Tuesday, March 19, 2013

Obstructions of Love

I am now in Hungary for the next six weeks as I finish up my student teaching.

Hungary and Budapest are familiar places for me... they are where I've spent nearly every summer of my childhood... they are where my brother and I became friends. When I inhale the smell of my grandma's house I smell the freedom of summer, laughter, ice cream, growth, and family.

But now my brother is an ocean away. All of the experiences I have so loved have been closely tied to him. While I enjoy spending time with my grandma in a new country, a new school, with new experiences, with my childhood memories... it's weird without my brother here. In some ways, when I hit a lonely spot, it's intensified because he isn't here. Everything I have ever experienced here has been with him.

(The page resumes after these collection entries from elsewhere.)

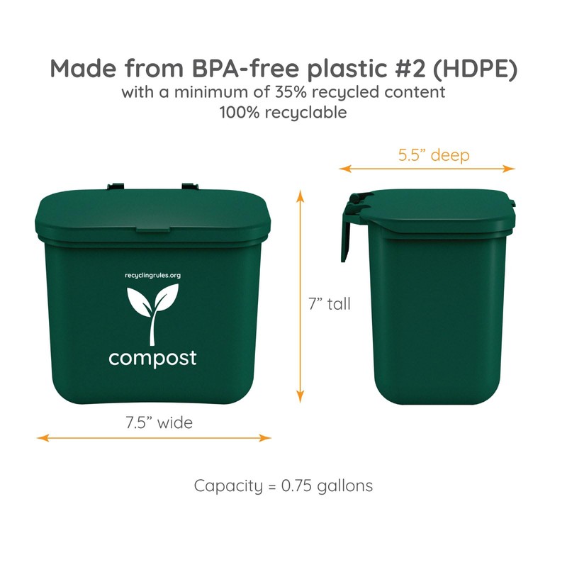 • SMALL BUT MIGHTY: This small green compost bin is the perfect solution for collecting food scraps for composting. It measures 7.5"W x 5.5"D x 7"H
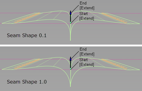 使用这些滑块可沿面上线修改接缝的范围。“Start”和“End”的值分别为 0.0 和 1.0,可用于定义初始范围。
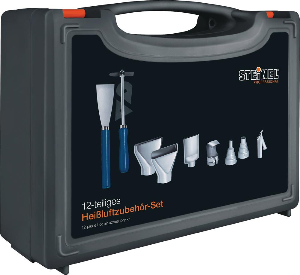12-teilig im Koffer · für alle typischen Heißluftanwendungen, wie Entfernen von Farbe, Schweißen von Planen, Verschweißen von Kunststoffen, Schrumpfen von Kabelbäumen · punktuelles Erwärmen und Verformen sowie viele weitere Anwendungen
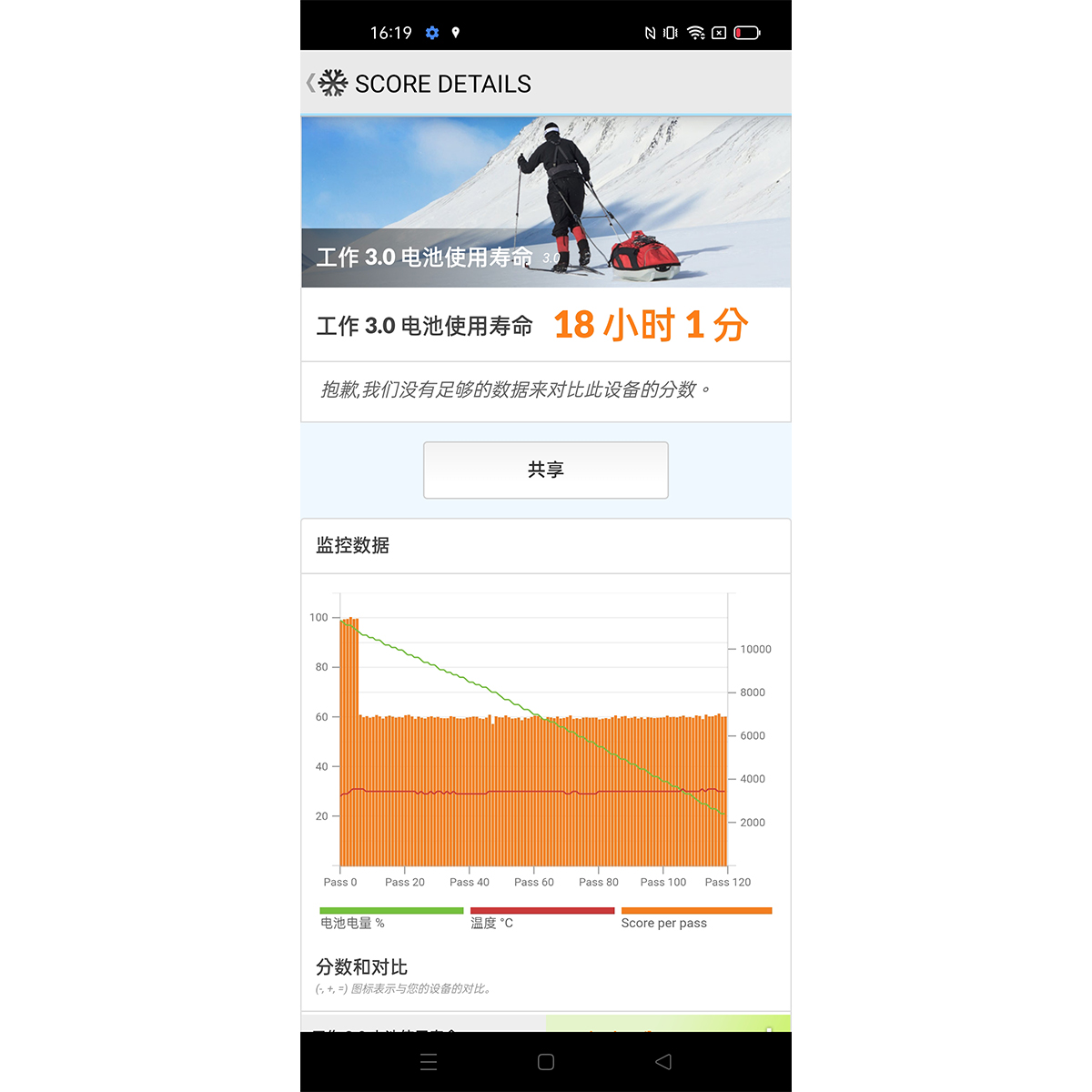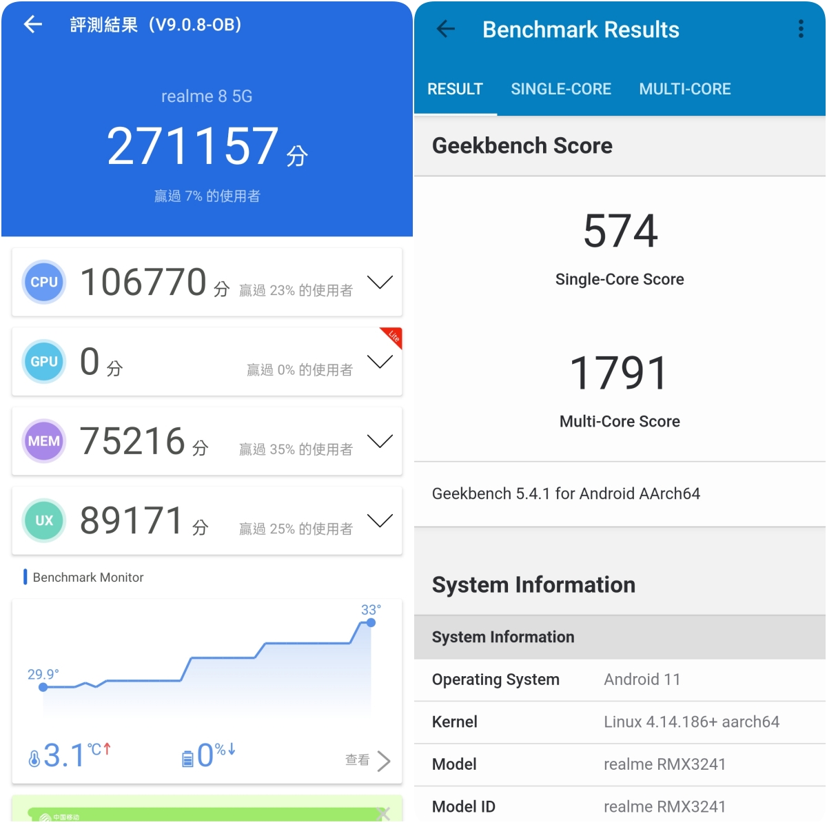 續航透過 PCMARK 測試下,獲得了 18 小時 1 分鐘的亮眼成績,這不僅是搭載 5000mAh 大電量電池的結果,續航也受到處理器及系統的調校所影響,整體而言 realme 在系統的使用調校上一直都是維持相當不錯的品質。

Before I left, my roommates challenged me to reflect on the blessings and joys in the incredible opportunity it is to teach here. They know my tendencies to get stressed, overwhelmed, and lonely.
Since leaving, I have been actively counting my blessings. In fact, if you have followed this blog at all, you have probably seen significantly more blessing-counting here than perhaps actually happens in my day-to-day life. But this has been a habit I have tried to create for myself since last year, and I do it in joyful spurts, here and there, until I get too busy and push my blessing-counting to the side.

But I'm thankful that even when I get distracted from blessing-counting, I have moments where my routine is obstructed. Where I (figuratively) hit the floor in awe knowing I am not alone in this. I am starting to call these moments "obstructions of love." I do not have to pursue them. I do not have to find ways to make complaints into positives. Rather, they are points where I am stopped in my normal routine because I am overwhelmed by the little things that whisper  I have gone before you. I am with you. I love you.

They are things that settle my fears... strange coincidences that I know are more than that... they give me joy, help me keep going, knowing that I'm here for a reason!
The short list:
-After constructing a unit on The Lion, the Witch and the Wardrobe for sixth graders at a Christian school as one of my projects at Grace, I expected to never have the opportunity to use it. False. My supervising teacher here emailed me to tell me that's the book she was starting with the students...
-The first person I walked in with on Monday morning happened to be in the same graduate program as one of my professors at Grace... and knew her!
-While at Grace I had the opportunity to tutor English Language Learners in the Writing Lab. I now have the opportunity to work one-on-one with ELL students once more, this time 8th grade Chinese students. I love this time so much.
-Direct answers to prayer in my conversations with my grandma
-The Hungarian language floating off my tongue smoothly, especially when having a spiritual conversation. I stop, smile and continue because I know this isn't my normal level of Hungarian, and yet it pours out, fluidly.

These are the bigger things. But sometimes it's as simple as the rainy day clearing up for my long first commute home, fresh coffee already made when I can't handle my jetlag in the middle of school, or a British boy writing a snarky poem about Chinese-made Legos. 

Actively looking for blessings turns my complaining tongue into one of joyful thanksgiving. My thoughts, my heart, my mood, my attitude.
But sometimes I'm just too tired to search for blessings. Sometimes they literally have to hit me in the face.

So when I board the 6:30 bus in the morning, my heart races at the excitement of discovery: what obstruction of love will I find today?
Because my God pursues me. When I get tired of counting blessings, he sends me obstructions. So that they cannot go unnoticed. So that I stand in awe of His love and faithfulness.... in all the familiarnew this season holds.